In early 1951, she was visited by two young soldiers who told her they had witness Edward's death, and one of them said he held Edward in his arms while he died. But the soldiers declined to sign an affidavit to that effect.

In a 1953 interview with The Daily Home News of New Brunswick, N.J., Mary said of the soldier who said he held her son while he died, "He could have been wrong."

Mary Lucid sent a Daily Home News clipping and letter from Oct. 5, 1950, to the Department of the Army concerning a photograph the newspaper had published of POWs. She said one of the prisoners was Edward.

However, the Army told her, "identification of such pictures was a matter of opinion and uncertainty."

In 1952, Kay Watters, Edward's sister, received a letter from a Sgt. John Schenck, who said he carried a wounded Lucid to a hospital, where Lucid told Schenck to contact his mother somewhere in New Jersey.

But Schenck complicated matters by adding, "I want to make it clear that any information I reveal will put myself subject to court martial if the wrong people know of it."

And later, when he was interviewed by the Army, Schenck said he had no "pertinent facts or information" concerning Lucid's death.

A Japanese girl claiming to be Lucid's wife wrote to Watters about Lucid's death, and noted that Schenck could provide further information, Schenck wrote in his statement. But Schenck said he told Watters he had no definite knowledge of her brother's death and advised her to write to the Department of the Army for more information.

Thomas Lucid said no one from the family knows the name or whereabouts of Lucid's supposed wife, but the general belief is she had two children with Lucid, he said.

In 1954, a dentist provided Edward's dental records to the Army, and Mary Lucid informed them her son had his tonsils removed at age 7, but it did not help in solving the mystery.

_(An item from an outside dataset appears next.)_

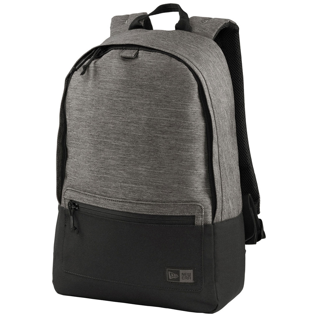 Heavy protective foam on the back of the custom logoed New Era Black Twill Heather/Black Legacy Backpack not only protects electronic devices, it also supports your back to ensure pain free business trips. The padded laptop sleeve absorbs the constant pounding delivered by bumpy flights. Rugged polyester resist rips and tears to give your team go to luggage that lasts for years to come. Add your company logo on the large imprint area to send a marketing message potential customers will remember. An extensive office organizer comes with angled pockets that allows you to access your cell phone quickly.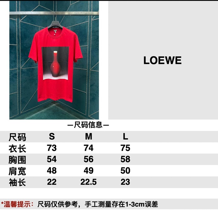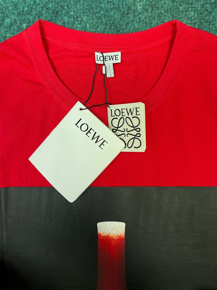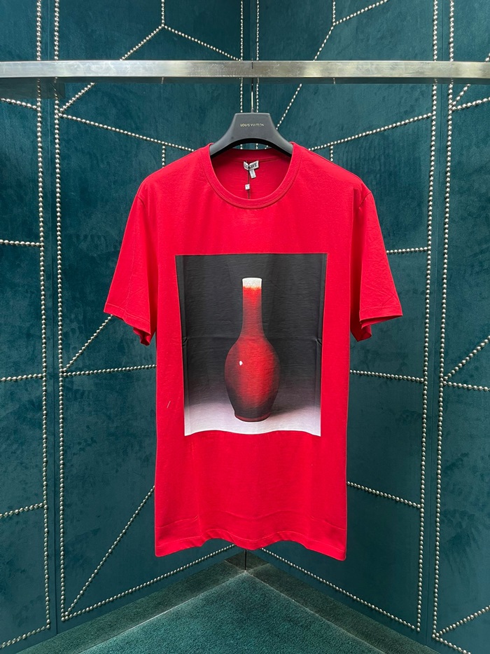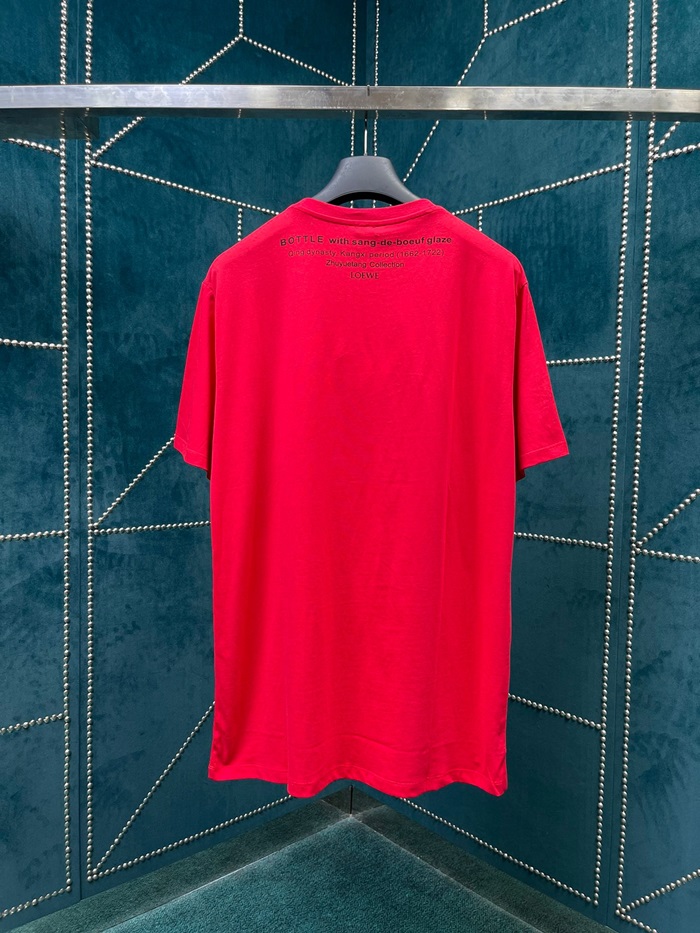 ロエベユニセックスイニシャルレッド半袖Tシャツe687

In 2001, Francis provided blood samples to the Joint POW/MIA Accounting Command (JPAC) laboratory in Hawaii, the Pentagon unit charged with finding and identifying missing U.S. military personnel recovered from overseas battlefields, to compare his DNA to DNA taken from new remains found in Korea. While the laboratory has identified bodies from the Korean War in this manner as recently as last month, this effort to identify Edward Lucid was also unsuccessful.

Graves records sought

As part of his efforts, Thomas Lucid has enlisted the help of Merry Helm, 24th Infantry Division Association historian; Lt. Col. Thomas Lyons, a family friend in the Air Force, and the Casualty Affairs Office from the Department of the Army.

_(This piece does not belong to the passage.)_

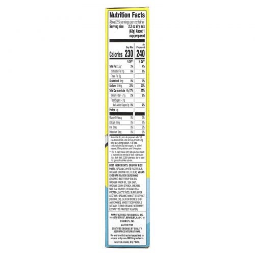 Органическая рисовая паста (органическая белая рисовая мука, органическая мука из коричневого риса), веганская приправа со вкусом чеддера (органические сухие вещества рисового сиропа, органическое пальмовое масло, морская соль, органический кукурузный крахмал, органический натуральный ароматизатор, органический гороховый протеин, молочная кислота, подсолнечный лецитин, органический экстракт аннато [для цвета], диоксид кремния [для предотвращения слеживания], смесь токоферолов [витамин Е] и органический экстракт розмарина для защиты вкуса).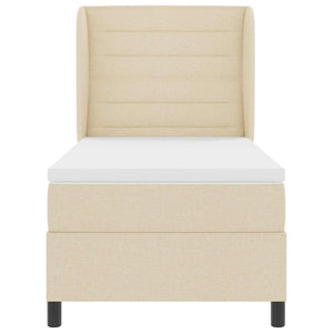 Bäddfjäder med madrass med huvudgavel Kräm 90 x 190 cm tyg

He was also recently made aware that his cousin, Marilyn Griffiths, a niece of Edward, has been attempting to find out more on Edward's whereabouts.

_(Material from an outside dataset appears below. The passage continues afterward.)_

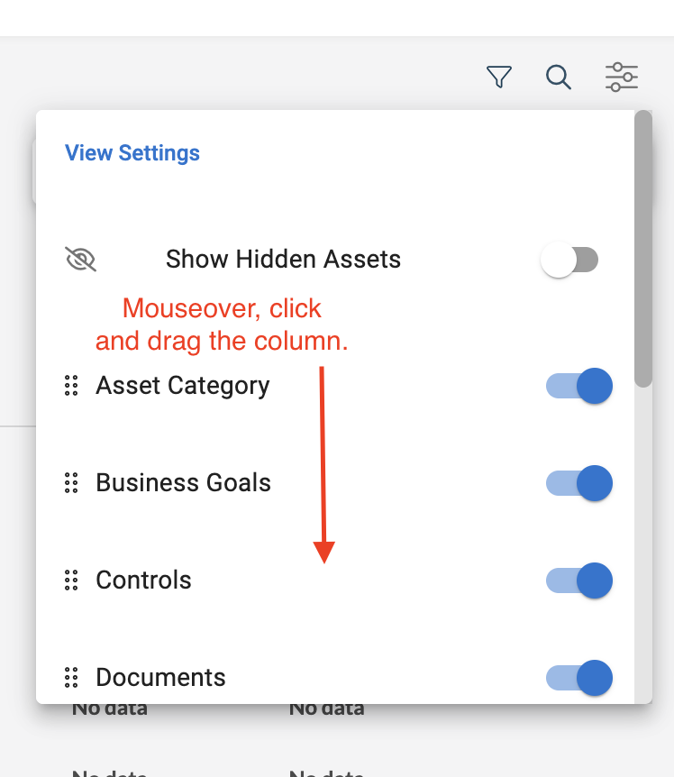 As the image above shows, you will see the toggle button for each column in the landscape. Simply uncheck the toggle button the remove, or add a column.

In an Oct. 26 letter to Lyons, Thomas Lucid wrote, "There are no reports or interviews of anyone from the 24th Quartermaster Company Graves Registration Section (in his uncle's deceased file)," he said of the group under whose supervision the Army had said the bodies were removed in August 1950. "I expect the Department of the Army should produce the 24th QM Graves Registration Records, which should detail exactly where Edward was and is presently interred."

"As far as I'm concerned," Lucid said in a recent interview, "I don't have the reports stating this is what they did with his body. What did they do with these guys?"

If the records identifying where the remains are located were somehow destroyed, Lucid wants an official document stating as much.

'Until the day I die'

Ultimately, Thomas Lucid wants to bring his uncle home and have him buried at Arlington National Cemetery. A memorial headstone was already placed there on Feb. 13, 2003.

"Edward was a good boy. I'd hate to see his life erased like this," he said.

Should Thomas Lucid be unsuccessful, his son, Thomas III, of Warren, N.J., has already said he'll continue the search.

"I'll search until the day I die," Thomas Lucid said. "It won't end until this young man is on American soil."